I once said someone to choose fix and then asyn and essexboy told me that Fix is only for TDL.Anyway
*Edited.

here’s the log after the fix:

aswMBR version 0.9.5.256 Copyright(c) 2011 AVAST Software
Run date: 2011-05-20 14:19:28

14:19:28.562 OS Version: Windows 5.1.2600 Service Pack 3
14:19:28.562 Number of processors: 2 586 0x2B01
14:19:28.562 ComputerName: SAMSUNG01 UserName: UserName
14:19:49.046 Initialize success
14:20:08.765 Disk 0 (boot) \Device\Harddisk0\DR0 → \Device\Ide\IdeDeviceP4T0L0-9
14:20:08.781 Disk 0 Vendor: SAMSUNG_HD160JJ ZM100-47 Size: 152627MB BusType: 3
14:20:10.796 Disk 0 MBR read successfully
14:20:10.796 Disk 0 MBR scan
14:20:10.796 Disk 0 Windows XP default MBR code
14:20:12.796 Disk 0 scanning sectors +268414020
14:20:12.812 Disk 0 scanning C:\WINDOWS\system32\drivers
14:20:25.812 Service scanning
14:20:30.953 Disk 0 trace - called modules:
14:20:30.968 ntkrnlpa.exe CLASSPNP.SYS disk.sys ACPI.sys hal.dll atapi.sys pciide.sys
14:20:30.968 1 nt!IofCallDriver → \Device\Harddisk0\DR0[0x87110ab8]
14:20:30.968 3 CLASSPNP.SYS[f755cfd7] → nt!IofCallDriver → \Device\0000007d[0x8714ef18]
14:20:30.984 5 ACPI.sys[f73f3620] → nt!IofCallDriver → \Device\Ide\IdeDeviceP4T0L0-9[0x8714dd98]
14:20:30.984 Scan finished successfully
14:20:52.609 Disk 0 MBR has been saved successfully to “C:\Documents and Settings\UserName\Desktop\MBR.dat”
14:20:52.609 The log file has been saved successfully to “C:\Documents and Settings\UserName\Desktop\aswMBR3.txt”

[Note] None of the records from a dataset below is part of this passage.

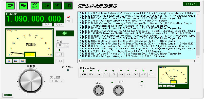 ADS-B(1.09GHz)の受信を試みましたが、高域の感度が悪いせいと思われる現象が出ています、Frameの受信回数が非常に少なく、正常にADS-Bの信号は受信できませんでした。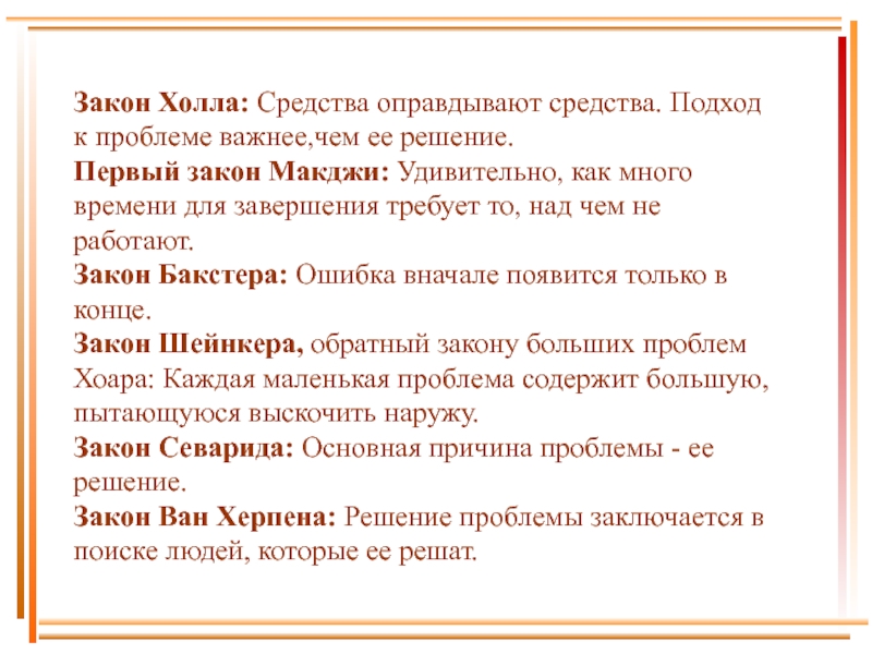 Слайд 76Закон Холла: Средства оправдывают средства. Подход к проблеме важнее,чем ее решение.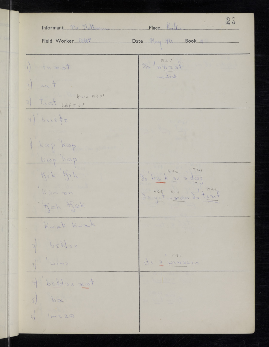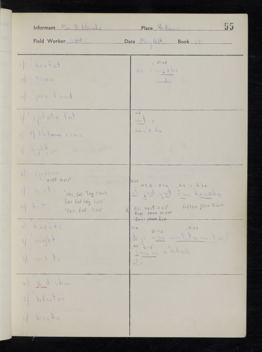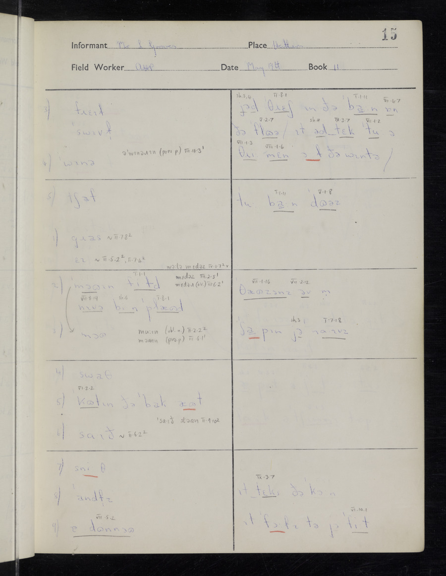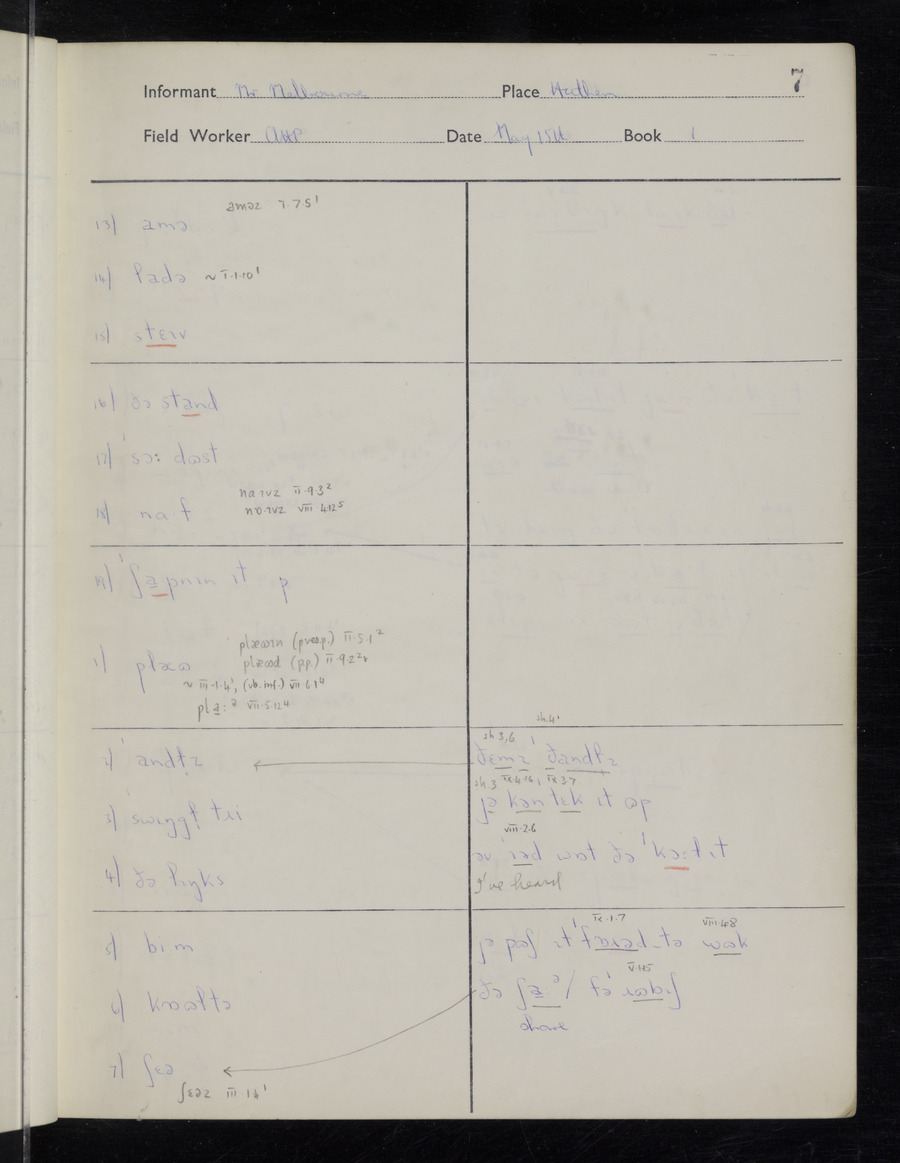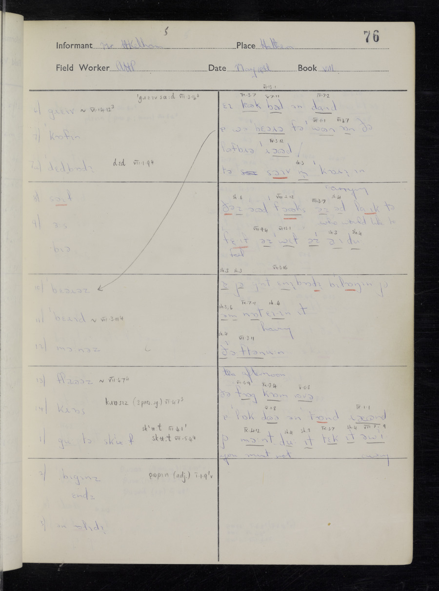 Response book recording the answers given by informants during the Survey of English Dialect. It includes 9 sections that cover a range of topics relating to work, domestic and social life. Answers are recorded in the International Phonetic Alphabet.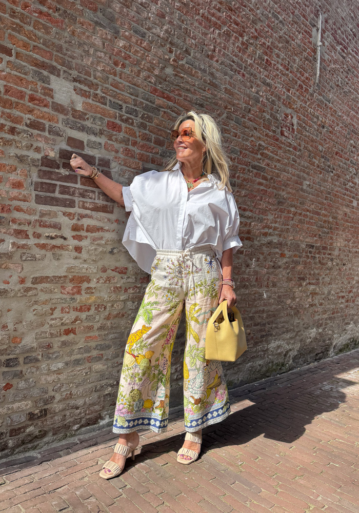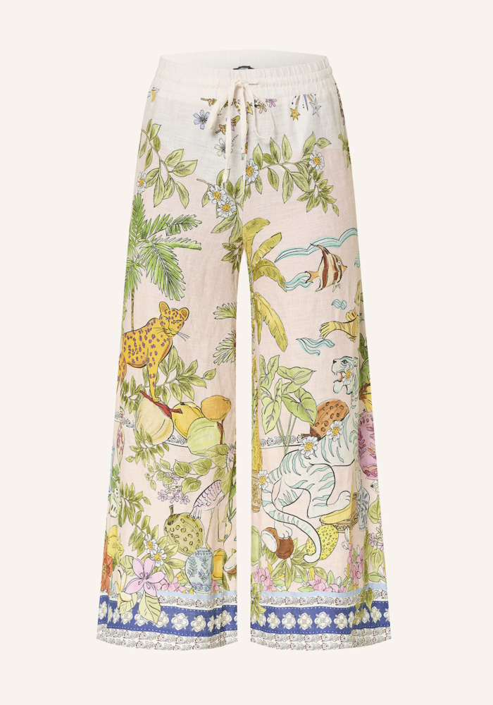 Een high-rise broek met een comfortabele elastische tailleband en verstelbaar trekkoord, uitgevoerd in een luchtige linnen kwaliteit met een subtiele korrelstructuur. De cropped, wide leg pasvorm en all-over print zorgen voor een moeiteloos stijlvolle en zomerse uitstraling

Looks clean,any other problems?

ok thanks i’ll run the MBAM and Avast scans again and let you know

one thing that did happen on reboot was a small windows error pop up entitled ‘SRY #001’ with the error message ‘CLED ERROR’ - any idea what that might be or if it’s related?

Do you Cubase installed?IOpen up task manager and close the application cled.exe if it is there.
Start->Run>type “msconfig”,and under the startup tab uncheck the cled.exe process.

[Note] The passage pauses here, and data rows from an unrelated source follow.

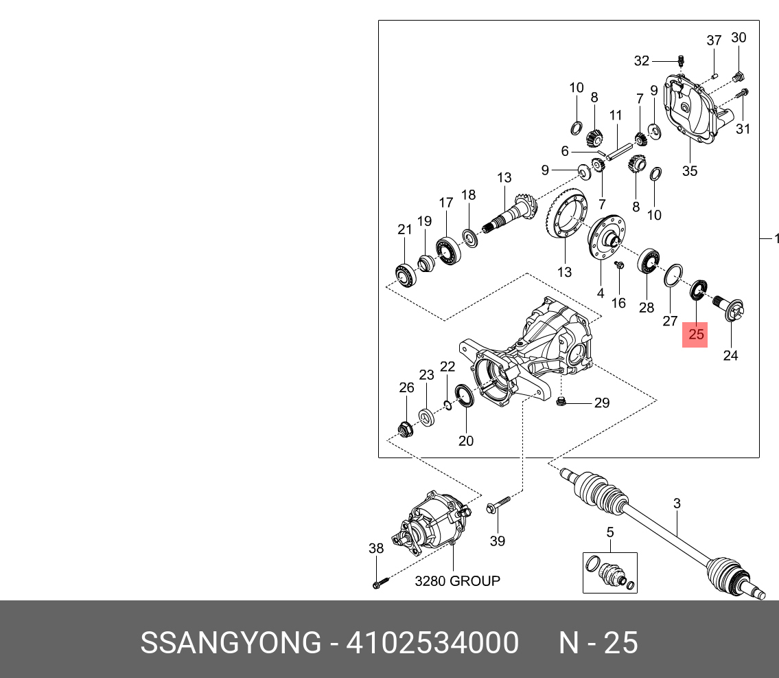 4102534000 SSANG YONG Сальник SSANGYONG Actyon (10-) (D20/22,G20D) дифференциала редуктора заднего мос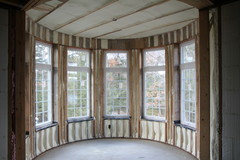 Turret spray foam and sound insulation in place. Second floor ceiling needs drywall for blow in, in the attic space.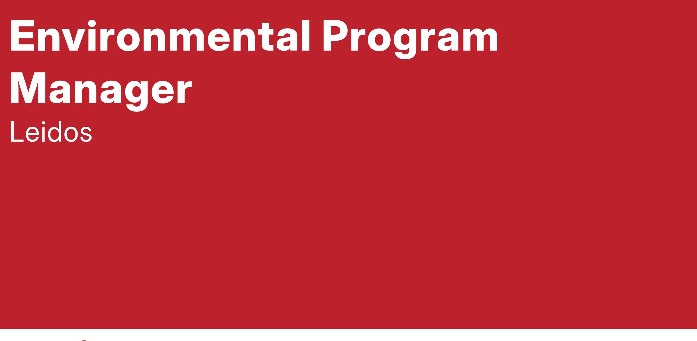 The Environmental Program Manager will routinely interface with Leidos line management, program managers, and senior technical staff across multiple offices, as well as clients and external stakeholders. Applicants should demonstrate excellent written and verbal communication skills and be comfortable working in a team environment. Strong organizational and communication skills are essential.

thanks Left123 (i should really have web checked that one myself!)

when i run the avast scan should i run a quickscan or a boot-time scan?

Run a quick scan first.

hi thank you all for your help so far :slight_smile:

however i appear to still have a further complication.

one of the reasons i was alerted to the fact my desktop had an infection is that i have been experiencing connection timeouts when trying to access a specific website and it’s corresponding ftp (which i can view and connect to on my laptop using the same net connection). i contacted the webhost of the site and they have informed me that their security system had detected malware on my desktop and therefore were blocking it.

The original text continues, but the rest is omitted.